Day 3: Connecting the dots

Proposed methodology for groups / projects / hacks: -Sessions are framed around key questions that have been raised during the past two days.

  • At the beginning of the day anonymous asset mapping takes place (individuals fill in a list of resources and connections they have at their disposal to make projects come alive)
  • Groups hack towards forming a project around a question
  • At the end of the day projects presented and assets are matched with requirements
  • Those who own the assets can pledge them or not, if the assets aren’t available the project isn’t going to fly, move on or make a new plan.

Who does what? Roles.

High definition of roles in advance of the event, in order to accelerate potential collaboration and partnership - the event will be defined by 4 key protagonists - Curators, Stewards, Patrons and the Support team. Like all LOTEs there will be no space for spectators.

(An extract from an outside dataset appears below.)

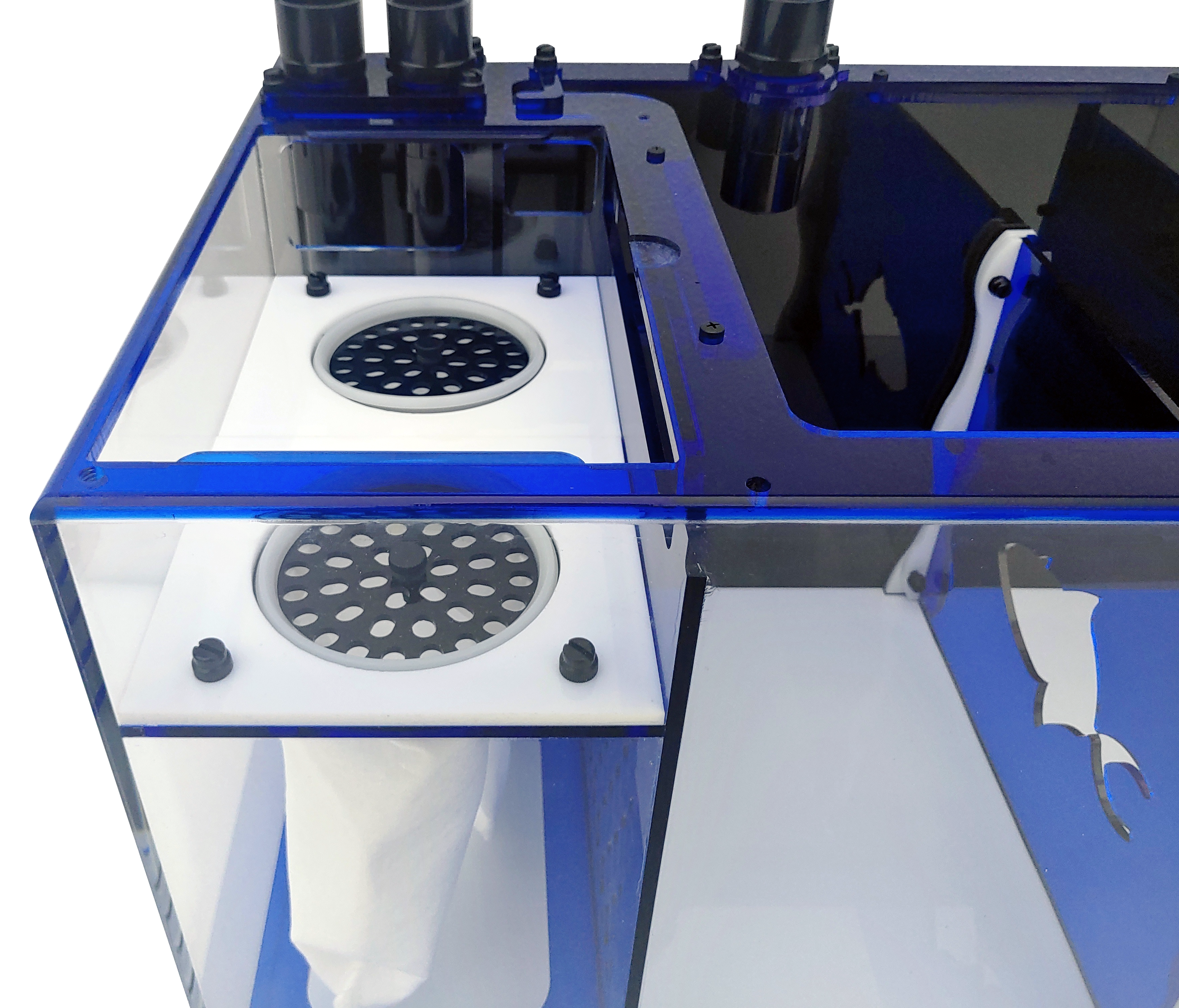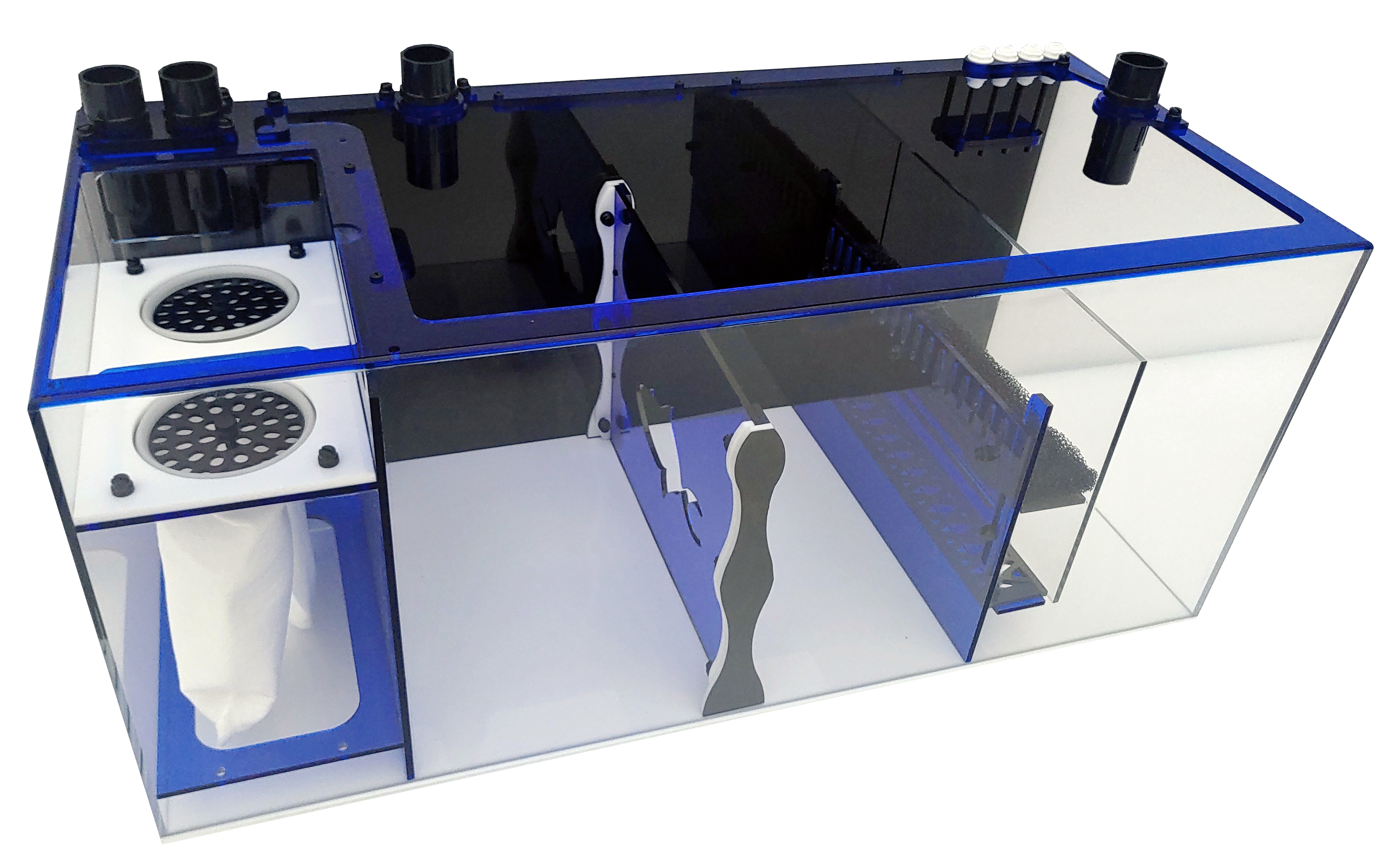 Cosmetically this line will look great in any setup. The bottom is white and the surrounding walls are smoke along with a blue top. The front section has a flush clear polycarbonate lid. All of the plumbing fittings (input from tank, several individual in the middle section, and output to the tank) are all on plates.  All models except for the cube have a middle wall that is move-able to custom size the two sections. This is great for setting the space needed exactly for your protein skimmer maximizing the other section of a refugium or other equipment. The middle wall is also removable to create one large section. The water height is adjustable in the front section of the sump to set the height required by the protein skimmer. There are wire holders strategically placed to hold the wires and hoses, keeping them in place for a clean look.
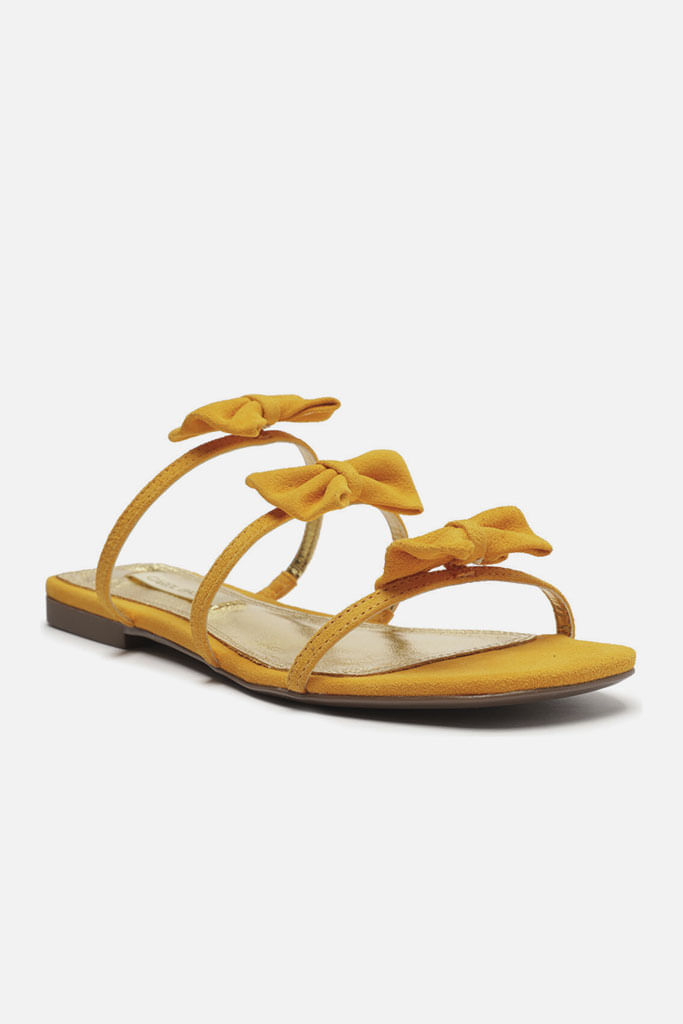 Mule preto. O modelo tem salto rasteiro e bico quadrado. Traz três conjuntos de tiras finas sobre os dedos e peito do pé, com aplicação de laço na parte superior.

  • Curators: Are responsible for shaping the tracks, identifying where the highest energy and drive is in the theme and bringing those individuals together in a cohesive thread. They are assisted by ER staff members who do the heavy lifting w.r.t research, coordination, outreach and organisation.
  • Stewards:  Are those coming from the frontline, whether it be execution at a community level or a senior governmental position their role at LOTE will be to tell their story, identify the real challenges faced and share the models or initiatives they’ve built.  They are assisted by ER staff members who do the secretariat work w.r.t. research, coordination, outreach and organisation.
  • Patrons: Individuals and organisations wishing to see the effort succeed and bestowing it with support and encouragement.
  • Support team: People contracted by Edgeryders LBG to provide services including coordination of logistics, research, documentation, floor management,  partnership building, communications and production of publications.

 

Parallel Process: Harmonious Hackathon

The Harmonious Hackathon is a new approach to working together as part of a sprint to achieve a clear set of predefined objectives for participating projects. Rather than everyone turning up in the same place and seeing what emerges - the Harmonious Hackathon starts months before with projects posted on the EdgeRyders platform, each project will set out clearly an overview, objectives and requirements for what is to be done on the day. And is followed up with work from the Edgeryders team

During the lead up to the event, and in the physical sessions, the community will swarm the project to troubleshoot, refine the objectives and invite others to join the hack. We will also try to get companies to donate paid staff time pro bono to help individual projects with hands on project development work (coding, design, communications, fundraising etc). During day 3 of the #LOTE4- The Stewardship, 3 to 8 projects are worked on in parallel.

It is an opportunity to look up and do kind of open thinking with others that is very generative. It results in building interest and mass around existing and new initiatives or ideas. It also ensures work gets done on things that would improve existing projects and programming, but require collaborative effort outside day to day operations.